■ RECORD SET
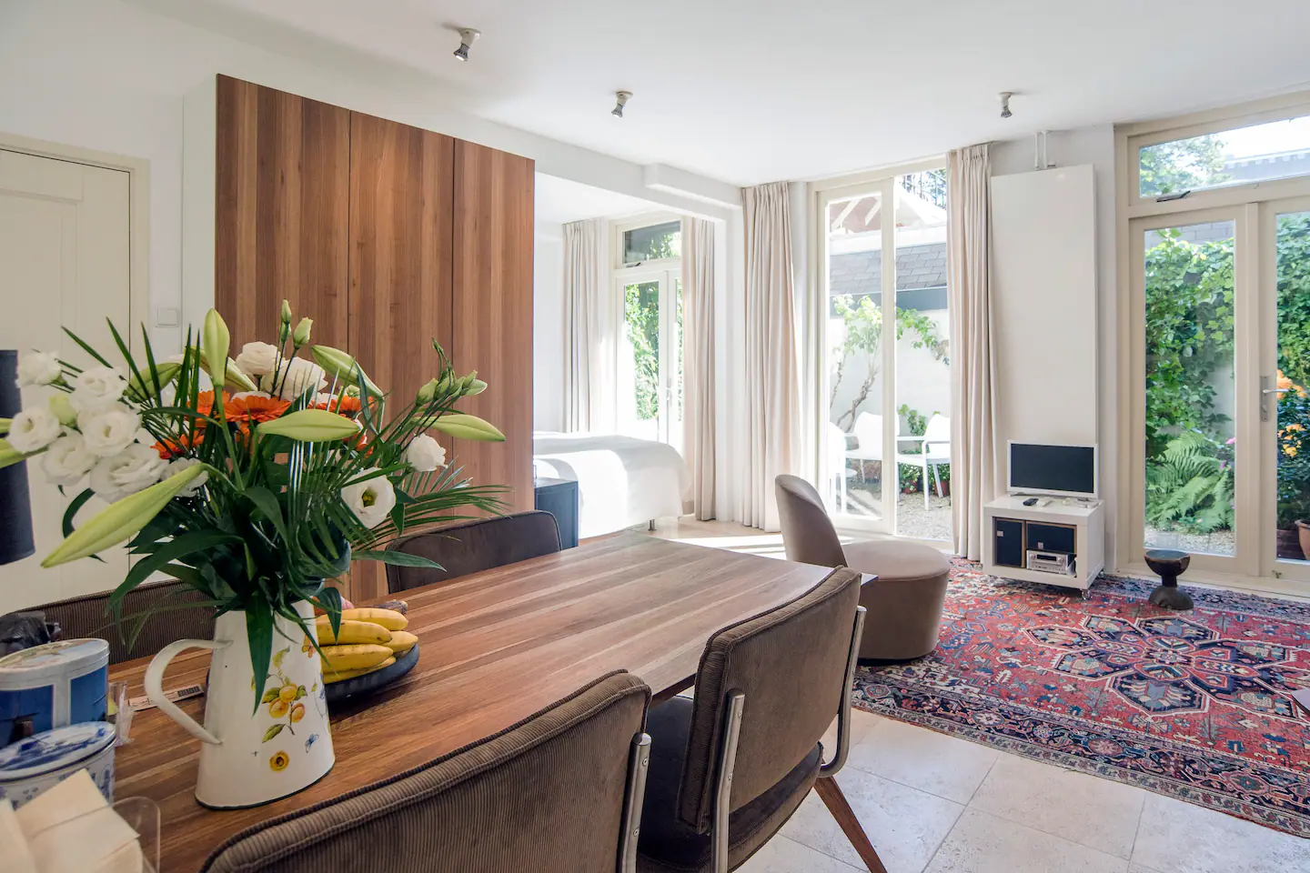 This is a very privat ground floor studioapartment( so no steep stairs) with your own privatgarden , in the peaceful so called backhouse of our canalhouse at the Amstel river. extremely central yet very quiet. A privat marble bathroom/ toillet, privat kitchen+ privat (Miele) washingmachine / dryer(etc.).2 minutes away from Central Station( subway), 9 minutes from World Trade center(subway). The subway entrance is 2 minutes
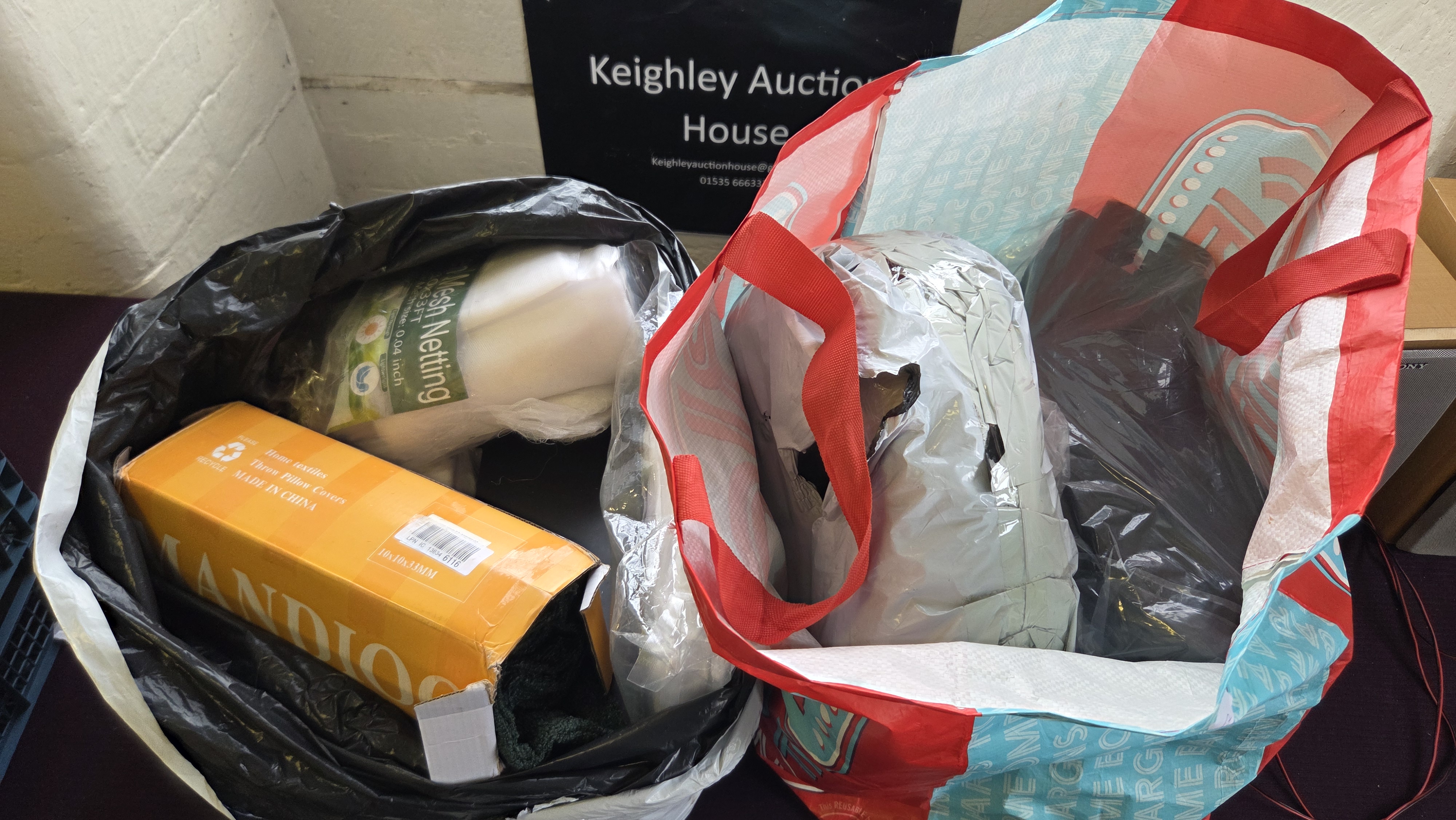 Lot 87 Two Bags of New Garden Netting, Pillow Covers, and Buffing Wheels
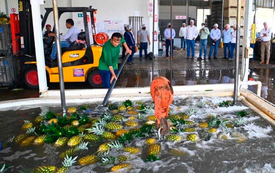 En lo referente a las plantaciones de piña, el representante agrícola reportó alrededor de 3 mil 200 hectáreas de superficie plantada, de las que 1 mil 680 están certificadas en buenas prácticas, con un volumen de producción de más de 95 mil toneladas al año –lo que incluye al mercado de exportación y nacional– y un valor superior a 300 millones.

* * *

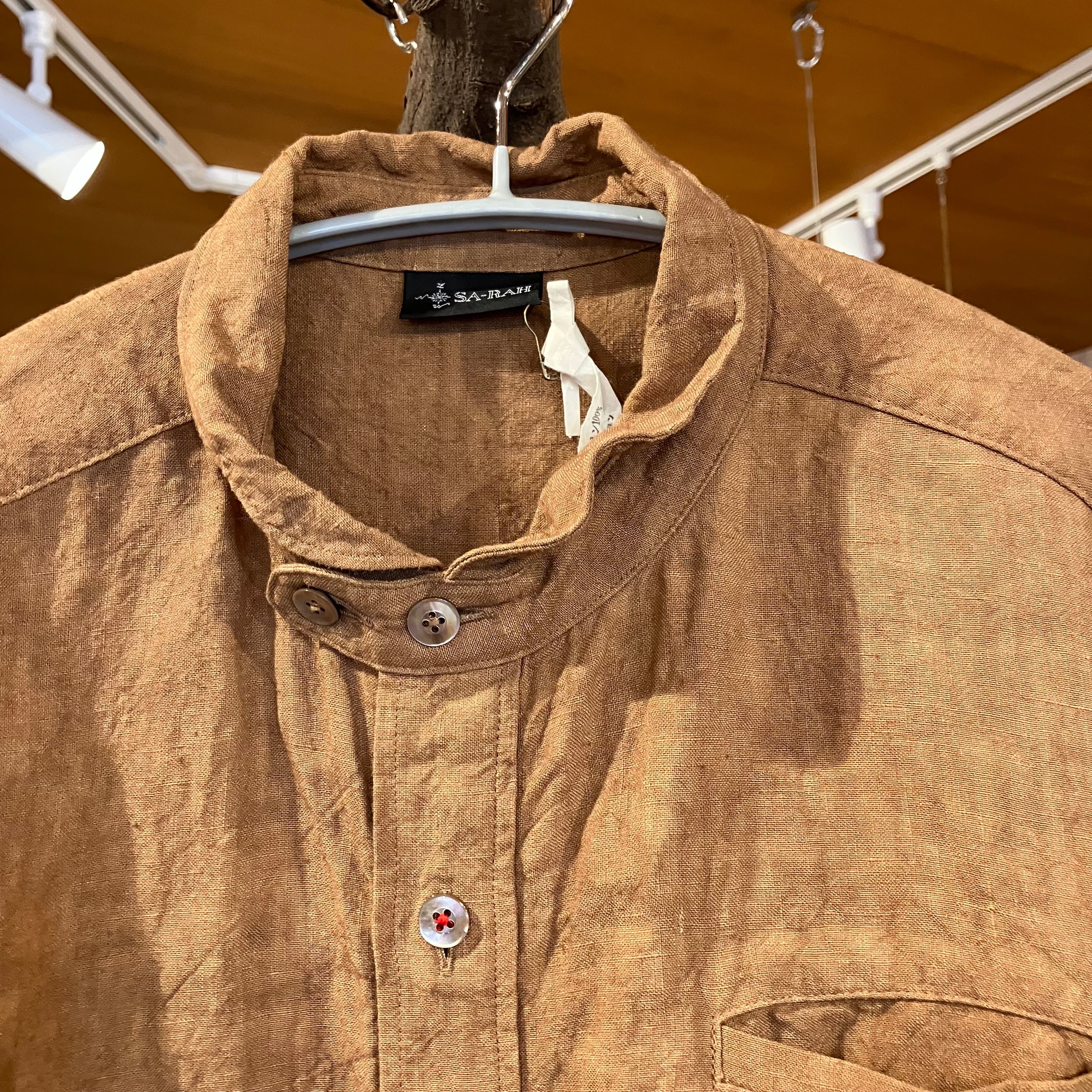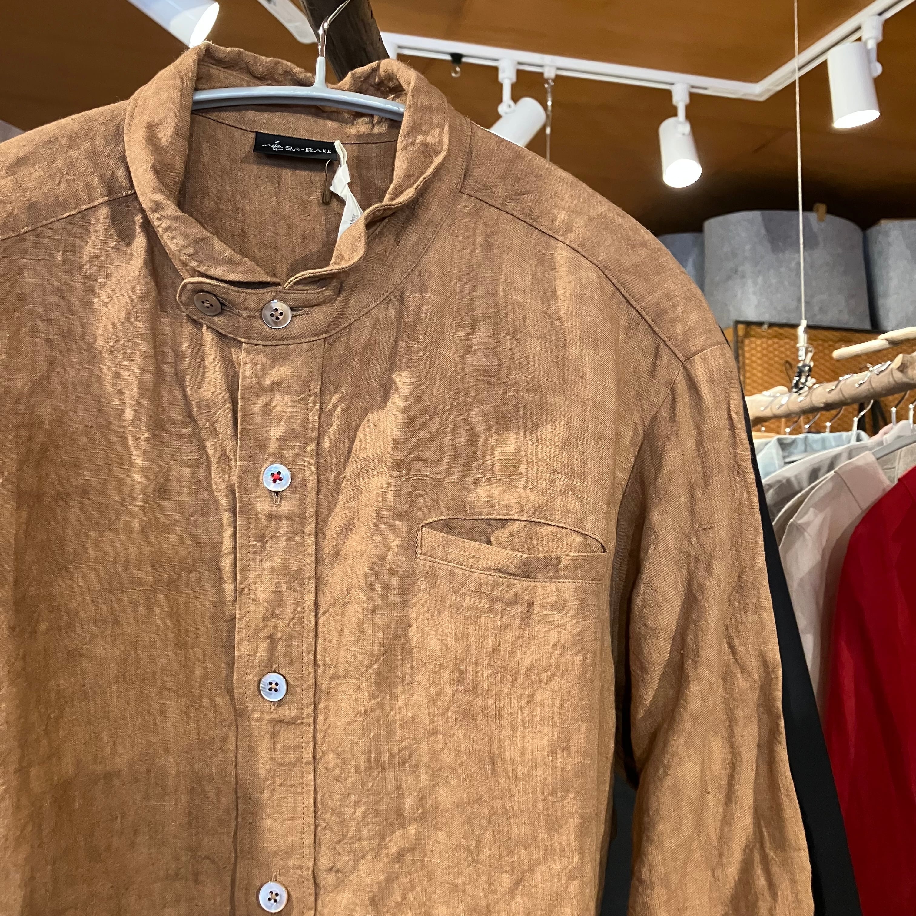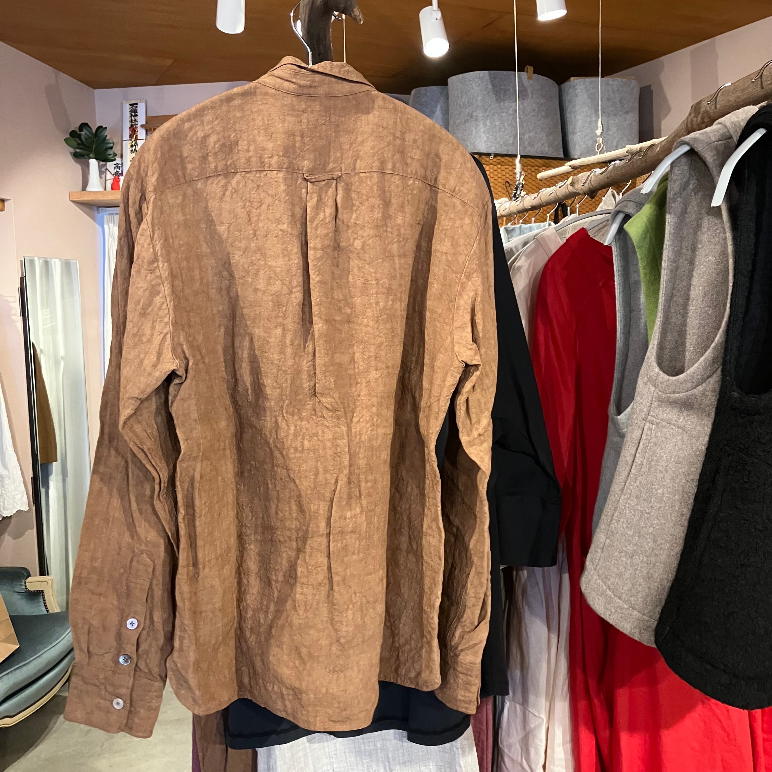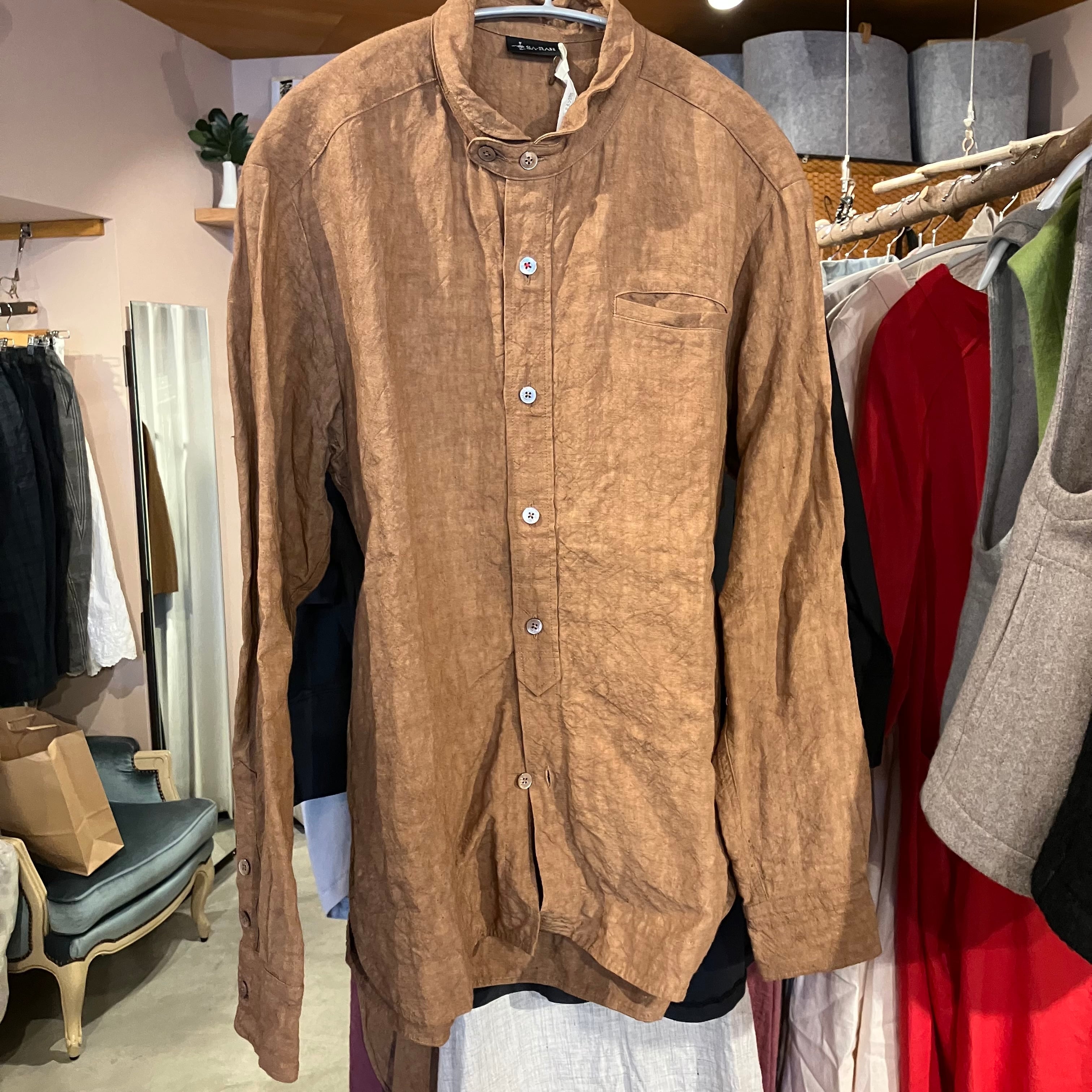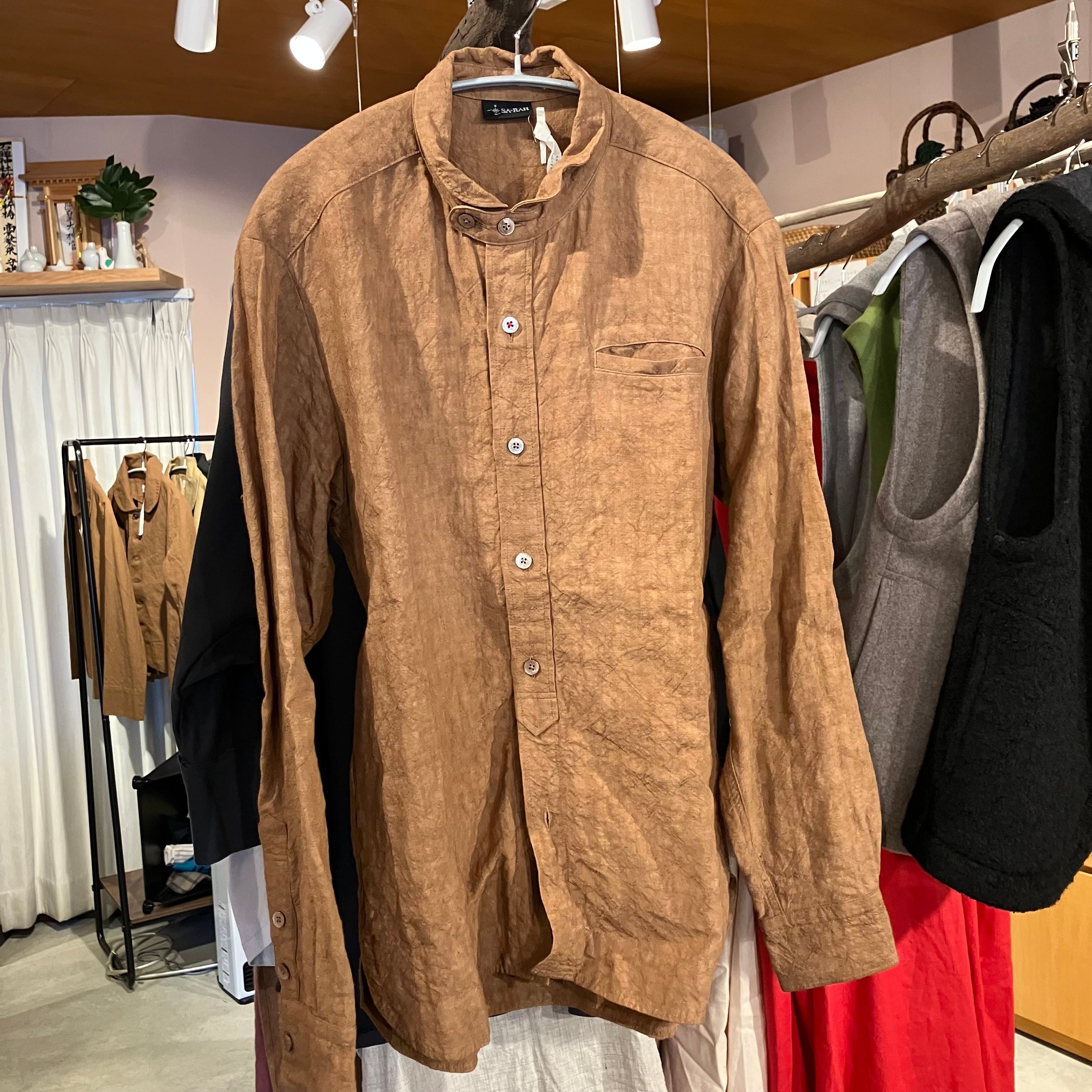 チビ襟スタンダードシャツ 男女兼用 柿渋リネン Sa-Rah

---

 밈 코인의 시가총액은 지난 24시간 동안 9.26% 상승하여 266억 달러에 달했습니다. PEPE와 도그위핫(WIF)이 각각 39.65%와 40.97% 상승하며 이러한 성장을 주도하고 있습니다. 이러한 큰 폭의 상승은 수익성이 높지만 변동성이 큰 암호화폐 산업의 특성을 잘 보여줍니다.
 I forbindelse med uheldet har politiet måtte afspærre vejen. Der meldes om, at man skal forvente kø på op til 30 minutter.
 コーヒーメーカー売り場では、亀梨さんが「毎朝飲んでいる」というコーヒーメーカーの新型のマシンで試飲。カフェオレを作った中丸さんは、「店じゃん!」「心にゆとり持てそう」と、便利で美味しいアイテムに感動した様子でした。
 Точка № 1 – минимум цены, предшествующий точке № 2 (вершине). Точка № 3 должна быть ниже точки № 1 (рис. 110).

■ WORK INSTRUCTION
In the listing above, find the line with "밈 코인의 시가총액은" and the line with "I forbindelse med", then print exactly those lines and every line between them.

■ TASK RESPONSE
 밈 코인의 시가총액은 지난 24시간 동안 9.26% 상승하여 266억 달러에 달했습니다. PEPE와 도그위핫(WIF)이 각각 39.65%와 40.97% 상승하며 이러한 성장을 주도하고 있습니다. 이러한 큰 폭의 상승은 수익성이 높지만 변동성이 큰 암호화폐 산업의 특성을 잘 보여줍니다.
 I forbindelse med uheldet har politiet måtte afspærre vejen. Der meldes om, at man skal forvente kø på op til 30 minutter.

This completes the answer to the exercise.